Entre seus romances mais famosos destacam-se A Mulher de Trinta Anos (1831-32), Eugènie Grandet (1833), O Pai Goriot (1834), O Lírio do Vale (1835), As Ilusões Perdidas (1839), A Prima Bette (1846) e O Primo Pons (1847). Desde Le Dernier Chouan (1829), que depois se transformaria em Les Chouans (1829, na tradução brasileira A Bretanha), Balzac denunciou ou abordou os problemas do dinheiro, da usura, da hipocrisia familiar, da constituição dos verdadeiros poderes na França liberal burguesa e, ainda que o meio operário não apareça diretamente em suas obras, discorreu sobre fenômenos sociais a partir da pintura dos ambientes rurais, como em Os Camponeses, de 1844. Além de romances, escreveu também "estudos filosóficos" (como A Procura do Absoluto, 1834) e estudos analíticos (como a Fisiologia do Casamento, que causou escândalo ao ser publicado em 1829).

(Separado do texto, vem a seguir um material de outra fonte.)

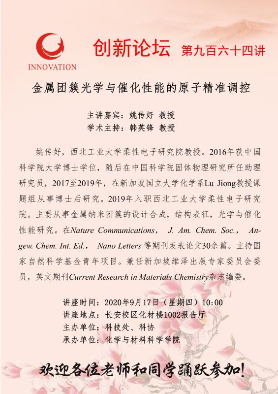 姚传好 教授 bat365正版唯一官网创新论坛第九百六十四讲:金属团簇光学与催化性能的原子精准调控 讲座时间 2020年9月17日(星期四)10:00 讲座地点 长安校区化材楼1002报告厅 讲座人介绍 姚传好 教授 讲座内容
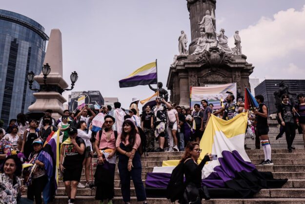 La bandera negra, blanca, violeta y amarilla flameó en las primeras Marchas No Binarias: una en Buenos Aires y otra en Ciudad de México. ¿Cuáles son los reclamos de estas poblaciones en América Latina?

Balzac tinha uma enorme capacidade de trabalho, usada sobretudo para cobrir as dívidas que acumulava. De certo modo, suas despesas foram a razão pela qual, desde 1832 até sua morte, se dedicou incansavelmente à literatura. Sua extensa obra influenciou nomes como Proust, Zola, Dickens, Dostoyevsky, Flaubert, Henry James, Machado de Assis, Castelo Branco e Ítalo Calvino, e é constantemente adaptada para o cinema. Participante da vida mundana parisiense, teve vários relacionamentos, entre eles um célebre caso amoroso, desde 1832, com a polonesa Ewelina Hańska, com quem veio a se casar pouco antes de morrer.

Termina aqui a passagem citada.